• [YOUR INSTRUCTIONS]
The task calls for the lines below from the line with "Stainless Steel Office" to the line with "V pritličju še", both ends included, copied exactly, without any pictures.

• [DATA SHOWN]
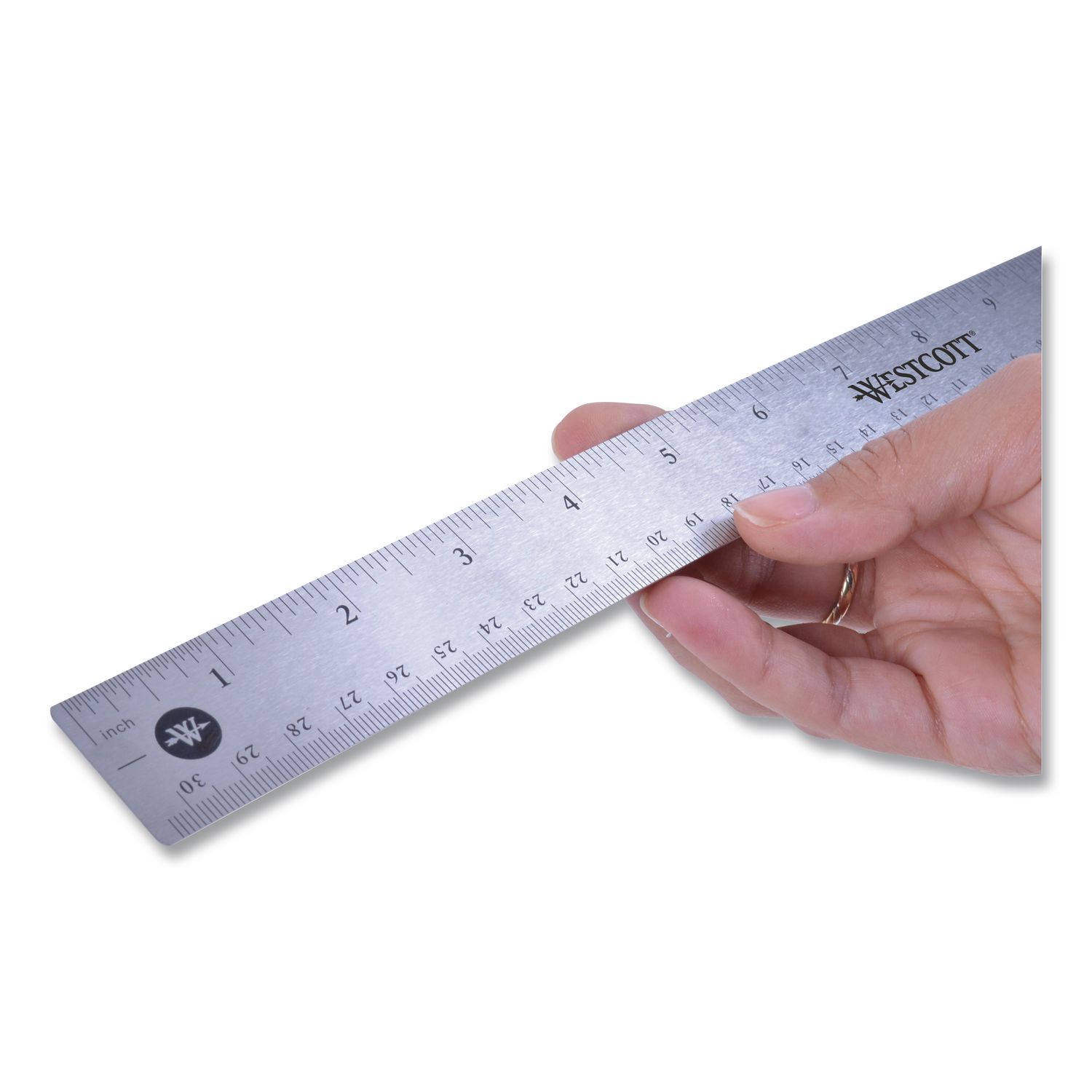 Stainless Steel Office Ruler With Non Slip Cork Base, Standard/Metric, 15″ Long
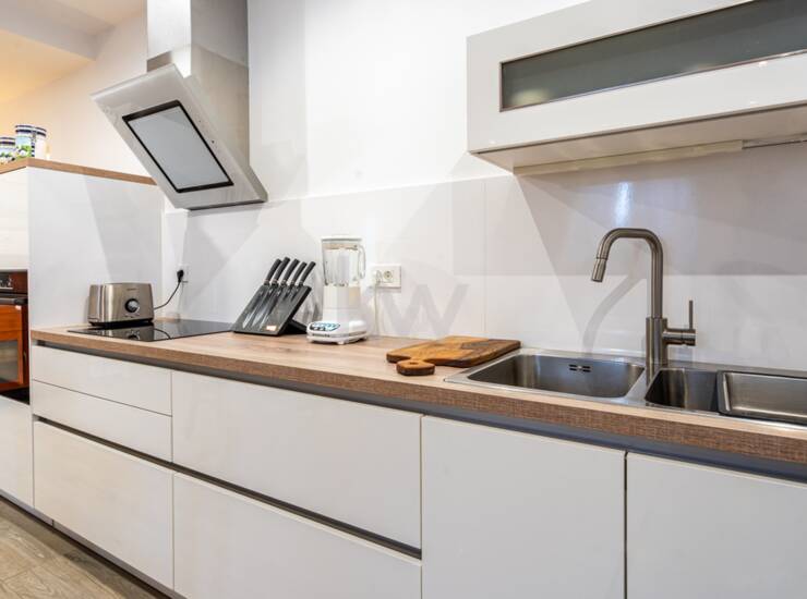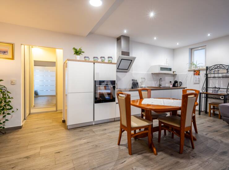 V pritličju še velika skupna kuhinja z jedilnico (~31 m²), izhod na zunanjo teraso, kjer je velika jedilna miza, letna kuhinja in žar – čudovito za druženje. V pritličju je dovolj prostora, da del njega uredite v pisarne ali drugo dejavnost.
---
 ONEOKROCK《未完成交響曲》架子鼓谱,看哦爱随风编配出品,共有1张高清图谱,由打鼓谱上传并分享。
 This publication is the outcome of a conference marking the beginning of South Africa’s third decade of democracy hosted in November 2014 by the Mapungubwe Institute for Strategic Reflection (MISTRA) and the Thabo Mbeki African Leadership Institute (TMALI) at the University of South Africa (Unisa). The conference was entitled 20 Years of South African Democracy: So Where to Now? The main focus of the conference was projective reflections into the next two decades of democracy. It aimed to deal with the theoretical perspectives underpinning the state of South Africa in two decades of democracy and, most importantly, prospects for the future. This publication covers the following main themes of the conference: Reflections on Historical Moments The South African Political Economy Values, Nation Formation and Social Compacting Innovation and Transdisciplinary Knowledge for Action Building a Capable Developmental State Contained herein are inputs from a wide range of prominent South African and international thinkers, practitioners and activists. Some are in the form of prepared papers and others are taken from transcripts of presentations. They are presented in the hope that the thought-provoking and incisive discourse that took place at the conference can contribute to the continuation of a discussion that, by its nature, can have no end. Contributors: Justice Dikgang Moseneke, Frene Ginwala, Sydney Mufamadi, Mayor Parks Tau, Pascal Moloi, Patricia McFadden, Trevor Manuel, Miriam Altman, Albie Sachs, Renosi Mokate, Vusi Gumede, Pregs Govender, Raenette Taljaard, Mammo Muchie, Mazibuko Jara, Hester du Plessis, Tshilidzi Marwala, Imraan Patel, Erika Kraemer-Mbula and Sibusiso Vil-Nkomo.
--
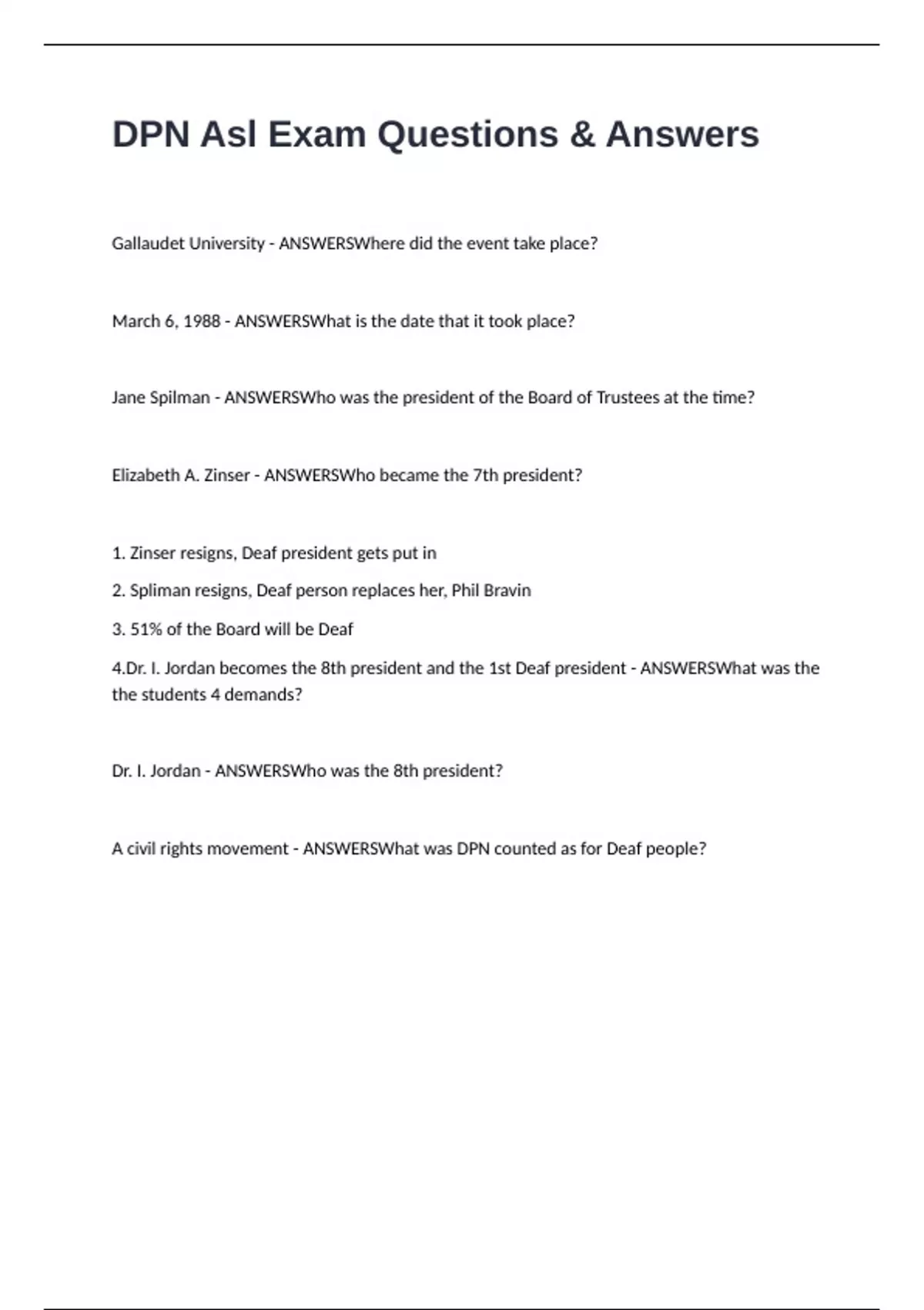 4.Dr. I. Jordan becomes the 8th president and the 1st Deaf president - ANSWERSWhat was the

• [OUTPUT FOR THIS EXERCISE]
 Stainless Steel Office Ruler With Non Slip Cork Base, Standard/Metric, 15″ Long
 V pritličju še velika skupna kuhinja z jedilnico (~31 m²), izhod na zunanjo teraso, kjer je velika jedilna miza, letna kuhinja in žar – čudovito za druženje. V pritličju je dovolj prostora, da del njega uredite v pisarne ali drugo dejavnost.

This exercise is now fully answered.